其次，更深层次的是，通过使用密钥作为 AD，我挫败了一种内部人员（例如数据库管理员）可能对我的应用程序进行的攻击：获取数据库中的两条记录并交换它们的值. 如果没有 AD，应用程序会很高兴地解密这些密钥，并盲目地假设它读取了这些密钥的正确值。使用作为 AD 的密钥，应用程序会立即注意到这些值是不真实的——即使攻击者从未真正修改过它们——因为它们发生在错误的上下文中。这只是众多可能中的一个示例，但关联数据的应用程序往往具有这种风格。

人们经常从示例中遗漏的一个重要细节是，相关数据不一定必须与密文一起存储或传输。诚实方都能够正确推断的任何依赖于上下文的非秘密值都可以用作关联数据。例如，如果各方正在执行一个复杂的协议，该协议是根据状态机制定的，这样每个正确的一方总是可以告诉他们自己的状态以及诚实的交易对手应该处于什么状态，那么这些状态——即使他们re 隐含在协议中——可以用作 AD。这就是 AEAD 套件对 TLS 等协议设计者如此有吸引力的原因——它是一种可用于降低安全协议复杂性的工具。

来自RFC 5116 - An Interface and Algorithms for Authenticated Encryption（2008 年 1 月）：

认证加密^BN00是一种加密形式，除了为加密的明文提供机密性之外，还提供了一种检查其完整性和真实性的方法。
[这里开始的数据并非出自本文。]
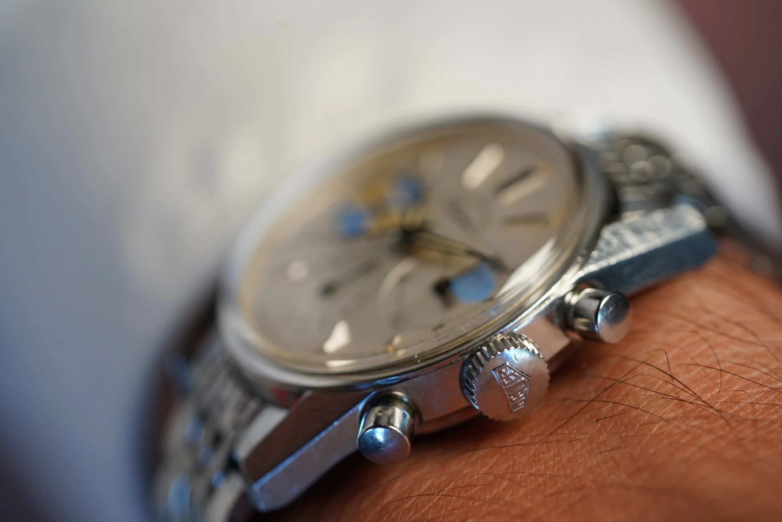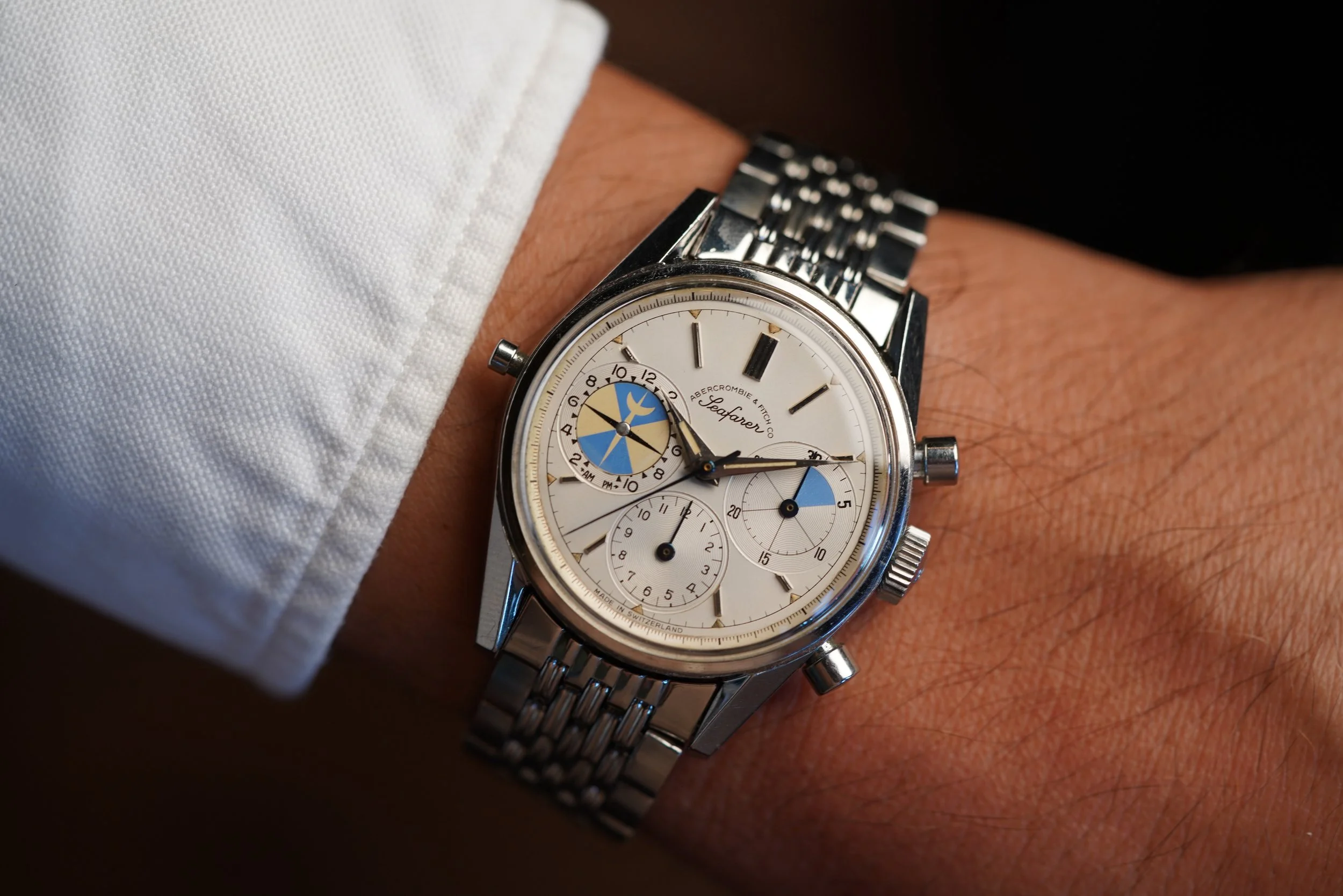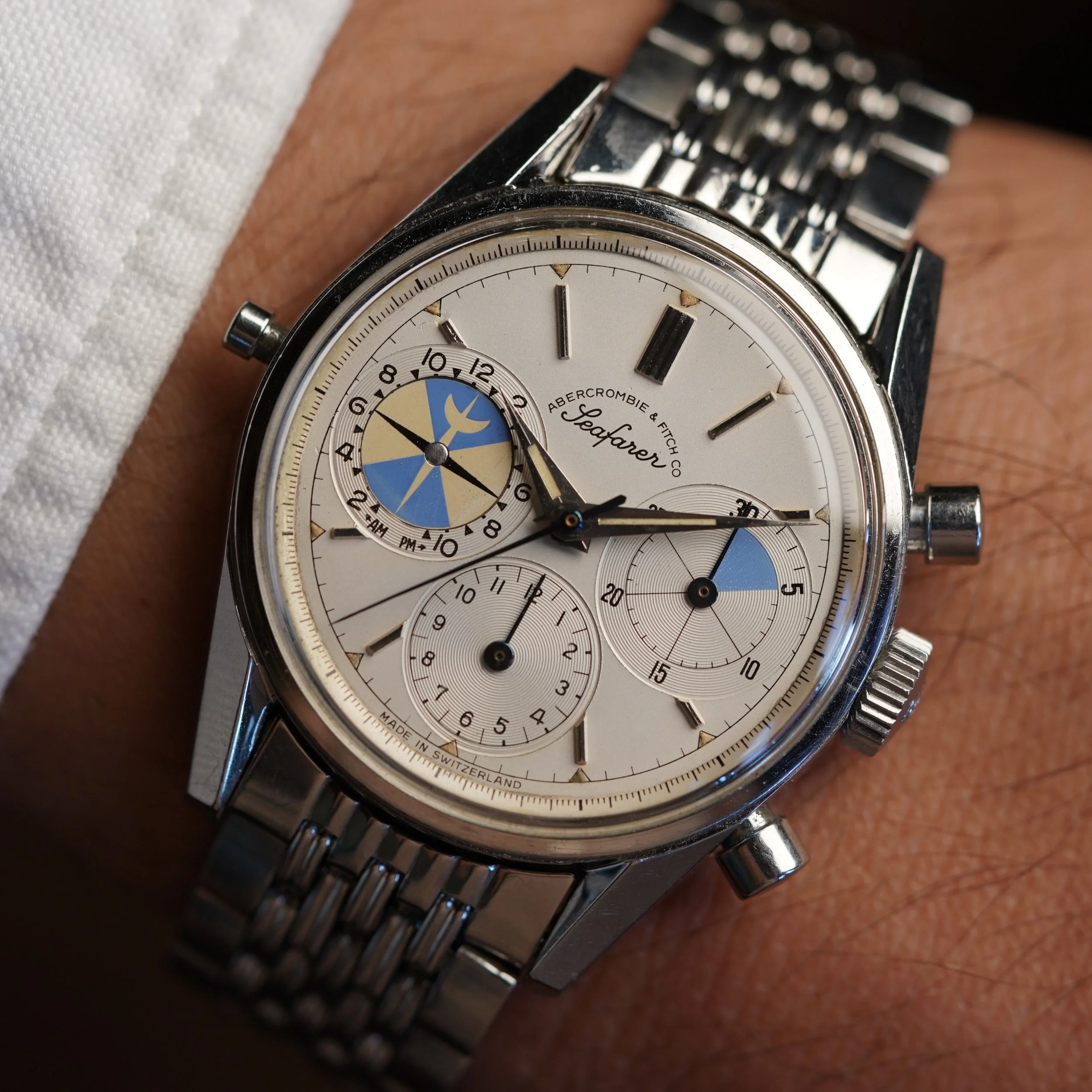 I’m thrilled to offer exceptional vintage watches that I personally would love to own. This Abercrombie & Fitch reference 2447SF is just out of this world. These watches are extremely rare, and only around 20 are known. It is a very early example dating to circa 1965 with a non T dial. It is paired on a later Gay Frères bracelet for Heuer which looks brilliant. The case is unpolished and in incredible condition.
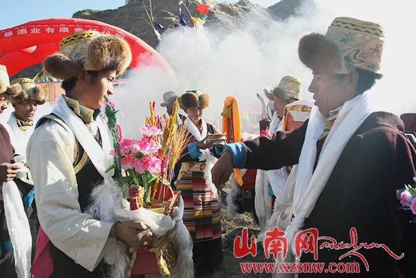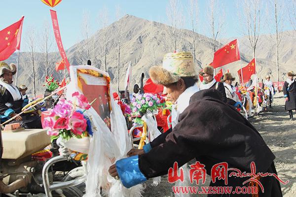 图为春耕开犁仪式村民正在向拖拉机手敬献哈达、切玛。图片来源山南网
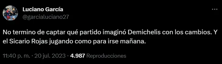 En medio de ese panorama, varios fueron los puntos flojos del equipo de Demichelis. Pero, por intermedio de las redes sociales, los hinchas del equipo Millonario se enfocaron en uno de los integrantes de la defensa, pidiendo incluso que se vaya: Robert Rojas.
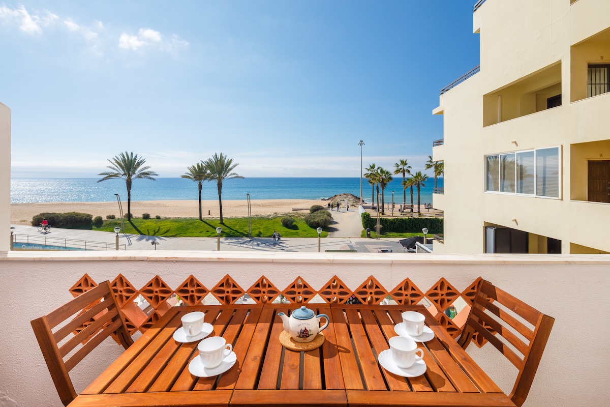 Beautiful beach apartment with a sea view in Quarteira. The beach is 50m away. The apartment is designed for families with children and includes family-friendly facilities, including a wonderful children's bunk bed. A rental car is unnecessary for this location. Supermarkets, restaurants, cafes, and playgrounds are nearby. Enjoy walks to Faro or even Albufeira. We speak English, German, Portuguese and Spanish :)
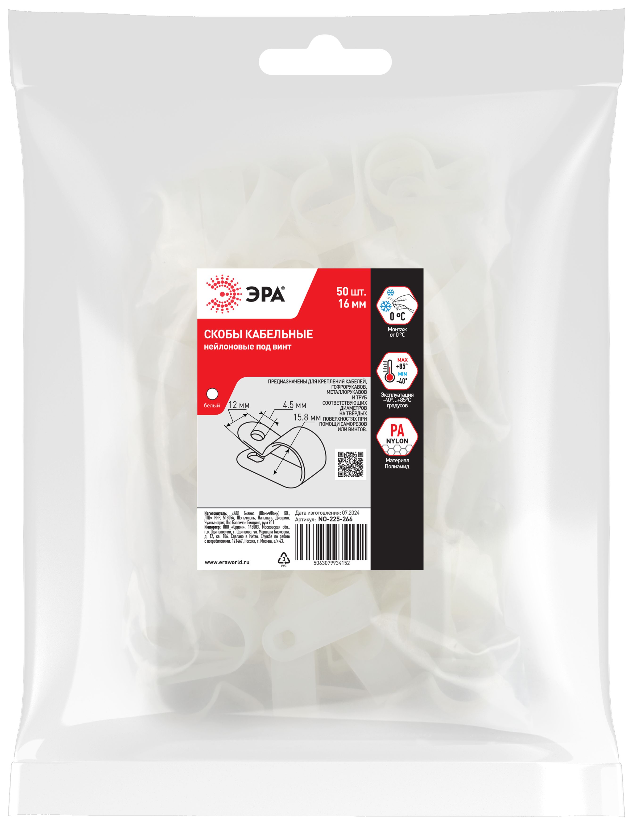 Скобы крепежные нейлоновые под винт ЭРА предназначены для фиксации отдельных кабелей, пучка проводов, гофрорукавов соответствующих диаметров. Это один из наиболее экономичных видов крепежа. Вы самостоятельно можете выбрать наиболее подходящий либо имеющийся у вас в наличии вид крепежа данной скобы к поверхности: саморез, винт с дюбелем и т. п.
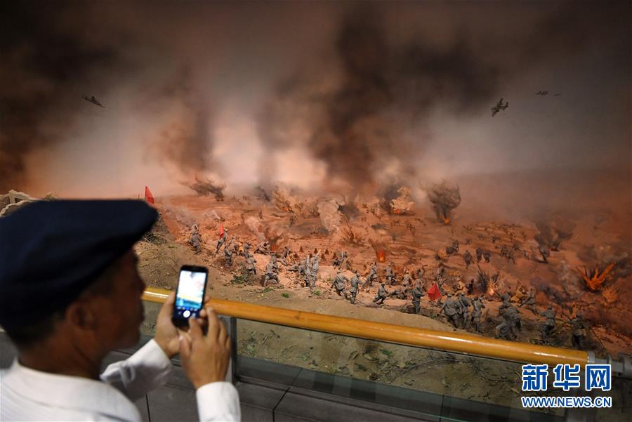 8月18日,在甘肅省會寧縣紅軍長征勝利紀念館,參觀者在觀看大墩梁阻擊戰的模擬場景。? 新華社記者 馬寧 攝
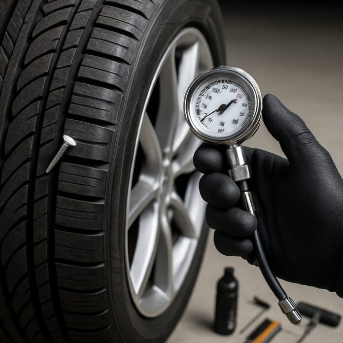 Mesurez la pression avec un manomètre fiable. Si la pression reste supérieure à 1,5 bar et se stabilise, vous pouvez envisager un déplacement prudent. Une chute rapide de pression indique une perforation importante nécessitant une immobilisation du véhicule.
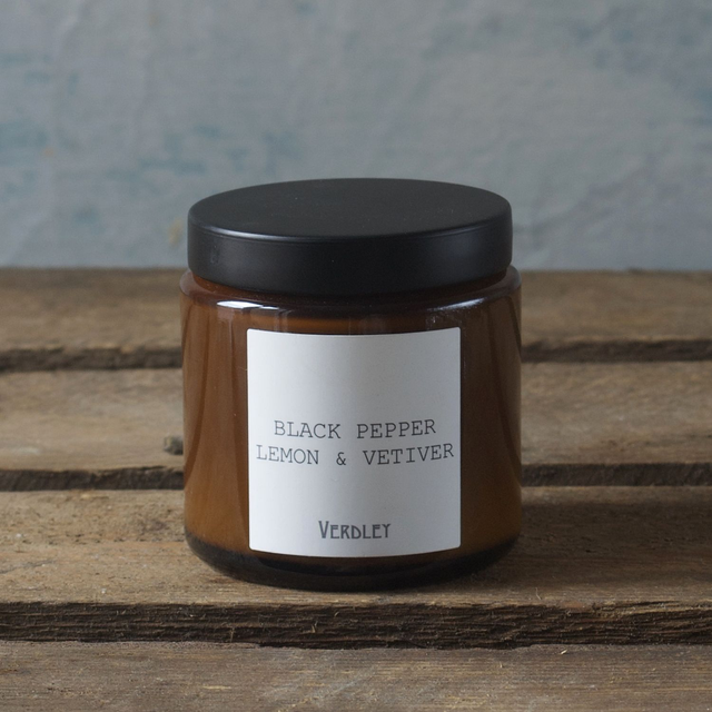 Vegan scented candles made in the UK from sustainable soya, rapeseed oil and fine quality essential and fragrance oils. Each candle is poured in a beautiful brown pharmacy glass jar and sealed with a black metal screw lid.
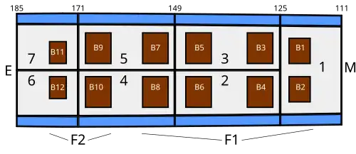 111…185 – vodotěsné přepážky na úrovni žeber č. 111 až 185

带有关联数据的身份验证加密或 AEAD ^R02增加了检查某些未加密的关联数据 (AD) 的完整性和真实性的能力，也称为“附加身份验证数据”。

强调我的

从2.1 - Authenticated Encryption：

关联数据A用于保护需要认证但不需要保密的信息。例如，当使用 AEAD 保护网络协议时，此输入可能包括

• 地址，
• 港口，
• 序列号，
• 协议版本号，
• 以及指示应如何处理明文或密文的其他字段
• 转发
• 或处理。

在许多情况下，需要对这些字段进行身份验证，尽管它们必须保持清晰以允许网络或系统正常运行。当该数据包含在输入 A 中时，无需将数据复制到明文中即可提供身份验证。

强调我的

2002 年，Phillip Rogaway 指出：

带有关联数据的认证加密

Oʀɪɢɪɴ ᴏꜰ ᴛʜᴇ ᴘʀᴏʙʟᴇᴍ。Burt Kaliski [16] 首次向作者指出，在使用集成 AE 模式时需要处理关联数据。很快又有几个人表达了同样的情绪。那些适应这个问题的人参与了需要将一些明文数据（例如 IP 地址）绑定到密文的标准化工作。当使用诸如 OCB 之类的 AE 模式时，人们想要一种廉价且安全的方式来做到这一点

[16] B.卡利斯基。个人通讯，2001 年 5 月。

这是您想要与加密数据一起使用的东西，并确保它没有被更改，但需要（或可以）保持可见。